**DATASET EXTRACT**
BEGIN
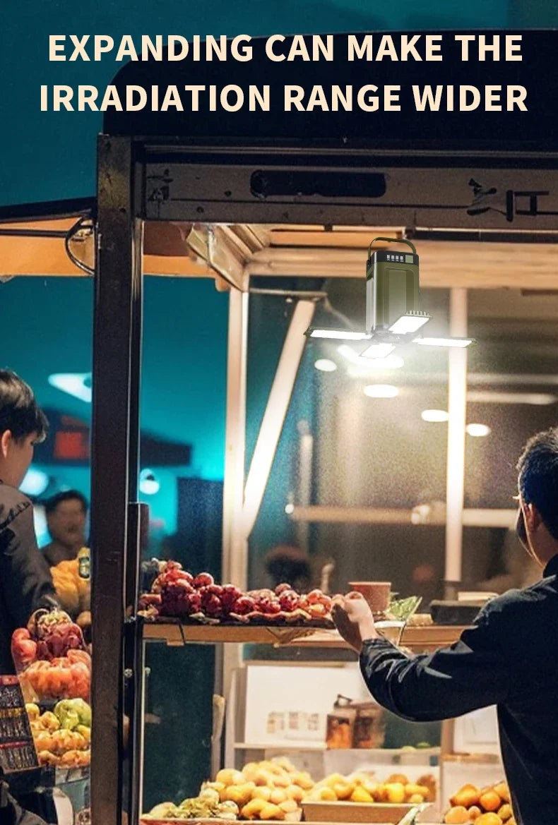 Unfold the panels to expand coverage and brighten larger areas. Perfect for tents, stalls, and outdoor spaces where you need powerful, wide-reaching light.
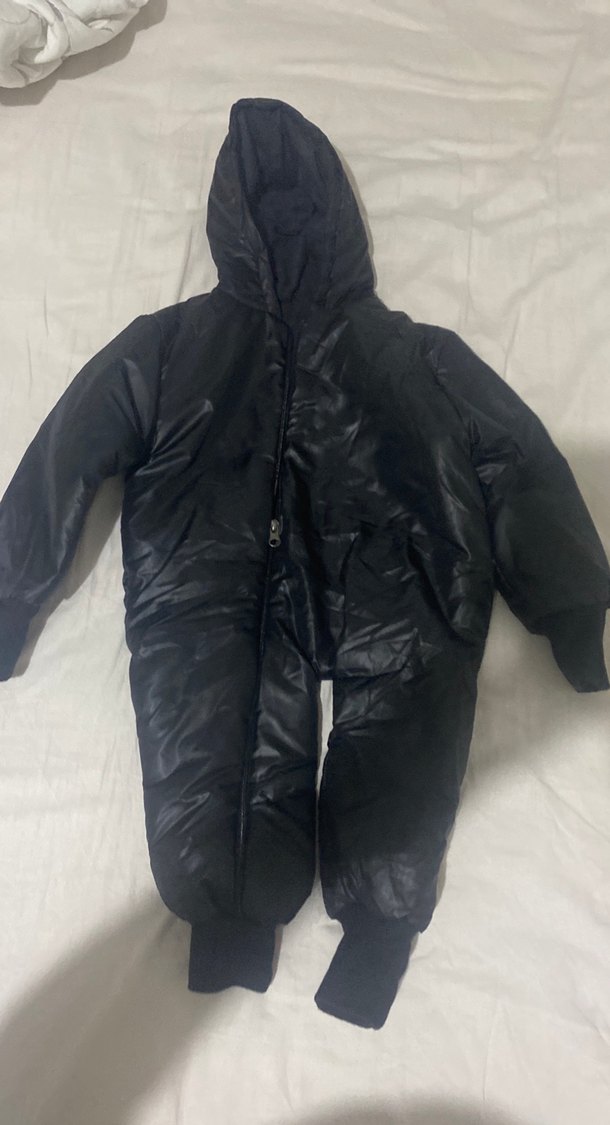 Siyah renkli bebek kayak tulumu, fermuarlı ve yumuşak, sıcak kumaştan üretilmiştir. Kapüşonlu ve desensiz sade tasarıma sahiptir. ❄️
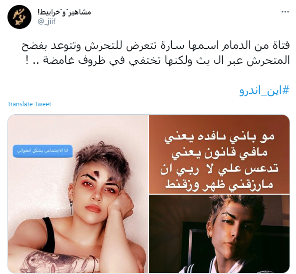 وأشار عدد من المغردين الى أن سارة اختفت عن الأنظار منذ كشفها لتعرضها للتحرش وفضح الجاني.
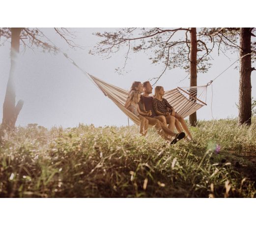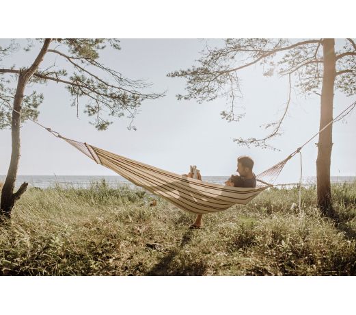 Nous sommes parvenus à rendre nos hamacs à barre aussi confortables que les classiques brésiliens qui n’en sont pas pourvus. Grâce à l’utilisation d’un fil de coton spécial, extrêmement doux, extensible et épais (350 g/m²), et aussi grâce au fait que nous rendons le tissu beaucoup plus large que la barre : 1,40 m pour une barre de 100 cm. On obtient ainsi une magnifique courbure, dans laquelle on est confortablement suspendu et on peut jouir d’un maximum de stabilité!
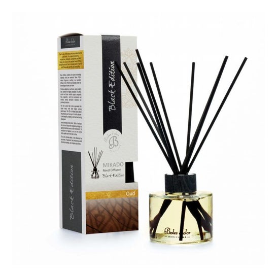 Désodorisant d'intérieur au format mikado, contenant un délicat et agréable parfum boisé et sucré, idéal pour parfumer toute pièce fermée. Il contient des notes de tête de cardamome, de rose sauvage et de poivre, des notes de cœur de bois de santal, de vétiver, de cade, de oud et de fumée et des notes de fond d'ambre, de vanille et de musc. Les bâtonnets en rotin naturel aident à répartir uniformément le parfum. Durée : environ 10 semaines.
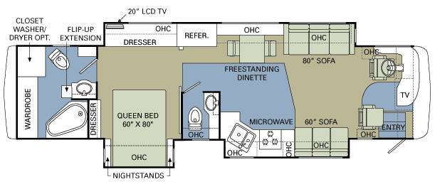 Triple Slide Ambassador by Holiday Rambler, Rear Bath w/Wardrobe, Linen Washer/Dryer Opt., Lav. Tub/Shower, Flip-Up Ext., Queen Bed Slideout w/Nightstands, Dresser w/20" LCD TV Overhead/Pantry/Refrigerator/Free Standing Dinette w/Chairs & 80" Sofa Full Wall Driver's Side Slideout, TV Above Cab Area, 60" Sofa/3 Burner Range w/Microwave & Double Kitchen Sink Slideout, 2nd 1/2 Bath and Much More.
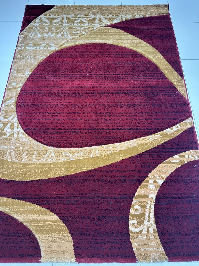 The Crimson Halo rug features sweeping circular forms in deep red, soft gold, and subtle beige accents, creating a sense of flow and visual balance. The bold abstract composition makes it an eye-catching statement piece while still maintaining harmony within the space.
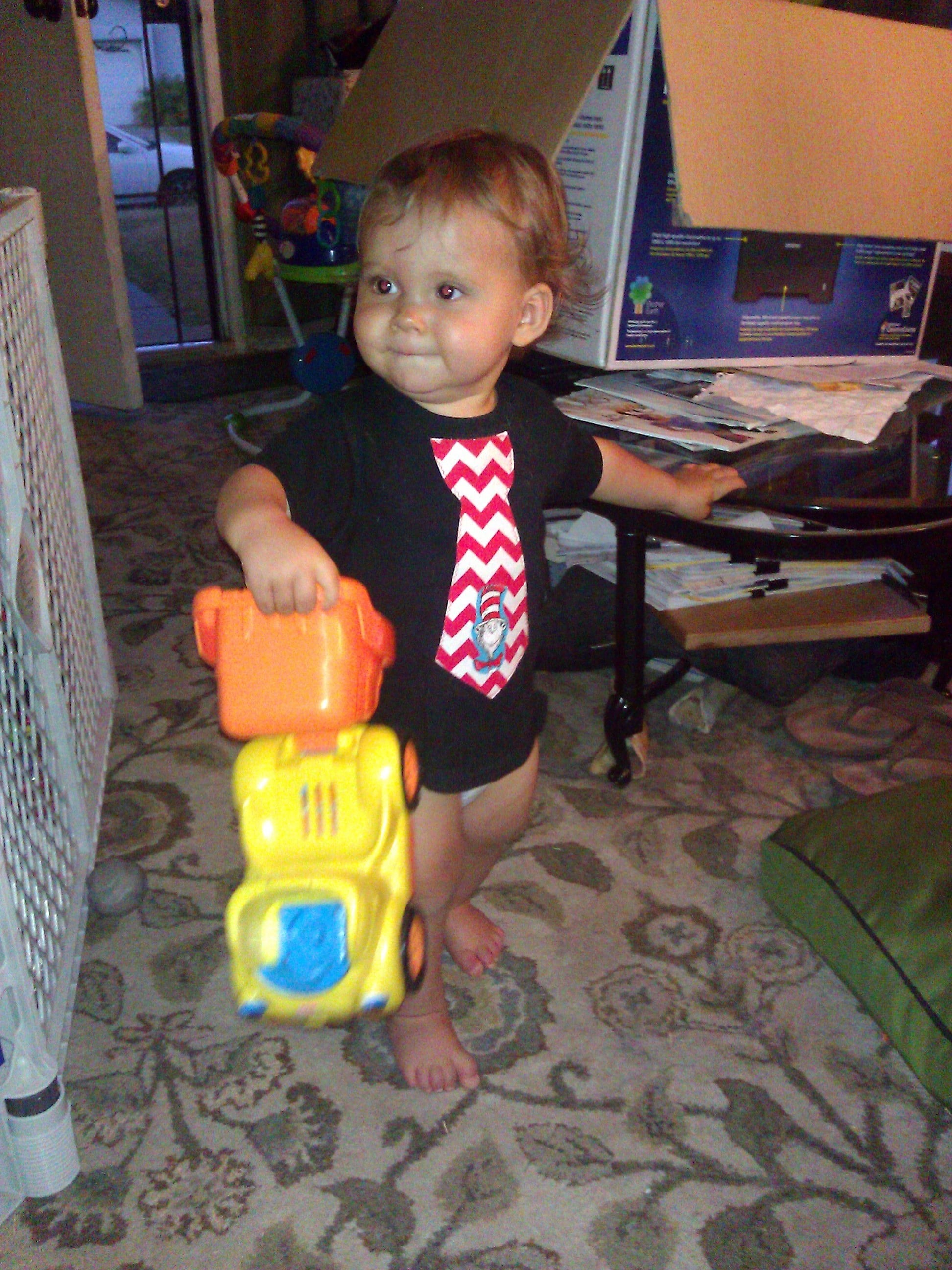 We had his birthday party at a park, it was Dr. Seuss themed and we had a lot of fun. I made deviled eggs with avocado for the "green eggs" and some ham rolls (cream cheese, black olive and green onion wrapped up in ham slices) and both were a hit! The pic in this post is of Rowan playing with a toy after the party, in his Dr. Seuss shirt. He had red shorts to go with it.
END
**TASK REQUIREMENTS**
An exact copy of the records above is wanted, with the pictures omitted.

**EXERCISE SOLUTION**
 Unfold the panels to expand coverage and brighten larger areas. Perfect for tents, stalls, and outdoor spaces where you need powerful, wide-reaching light.
 Siyah renkli bebek kayak tulumu, fermuarlı ve yumuşak, sıcak kumaştan üretilmiştir. Kapüşonlu ve desensiz sade tasarıma sahiptir. ❄️
 وأشار عدد من المغردين الى أن سارة اختفت عن الأنظار منذ كشفها لتعرضها للتحرش وفضح الجاني.
 Nous sommes parvenus à rendre nos hamacs à barre aussi confortables que les classiques brésiliens qui n’en sont pas pourvus. Grâce à l’utilisation d’un fil de coton spécial, extrêmement doux, extensible et épais (350 g/m²), et aussi grâce au fait que nous rendons le tissu beaucoup plus large que la barre : 1,40 m pour une barre de 100 cm. On obtient ainsi une magnifique courbure, dans laquelle on est confortablement suspendu et on peut jouir d’un maximum de stabilité!
 Désodorisant d'intérieur au format mikado, contenant un délicat et agréable parfum boisé et sucré, idéal pour parfumer toute pièce fermée. Il contient des notes de tête de cardamome, de rose sauvage et de poivre, des notes de cœur de bois de santal, de vétiver, de cade, de oud et de fumée et des notes de fond d'ambre, de vanille et de musc. Les bâtonnets en rotin naturel aident à répartir uniformément le parfum. Durée : environ 10 semaines.
 Triple Slide Ambassador by Holiday Rambler, Rear Bath w/Wardrobe, Linen Washer/Dryer Opt., Lav. Tub/Shower, Flip-Up Ext., Queen Bed Slideout w/Nightstands, Dresser w/20" LCD TV Overhead/Pantry/Refrigerator/Free Standing Dinette w/Chairs & 80" Sofa Full Wall Driver's Side Slideout, TV Above Cab Area, 60" Sofa/3 Burner Range w/Microwave & Double Kitchen Sink Slideout, 2nd 1/2 Bath and Much More.
 The Crimson Halo rug features sweeping circular forms in deep red, soft gold, and subtle beige accents, creating a sense of flow and visual balance. The bold abstract composition makes it an eye-catching statement piece while still maintaining harmony within the space.
 We had his birthday party at a park, it was Dr. Seuss themed and we had a lot of fun. I made deviled eggs with avocado for the "green eggs" and some ham rolls (cream cheese, black olive and green onion wrapped up in ham slices) and both were a hit! The pic in this post is of Rowan playing with a toy after the party, in his Dr. Seuss shirt. He had red shorts to go with it.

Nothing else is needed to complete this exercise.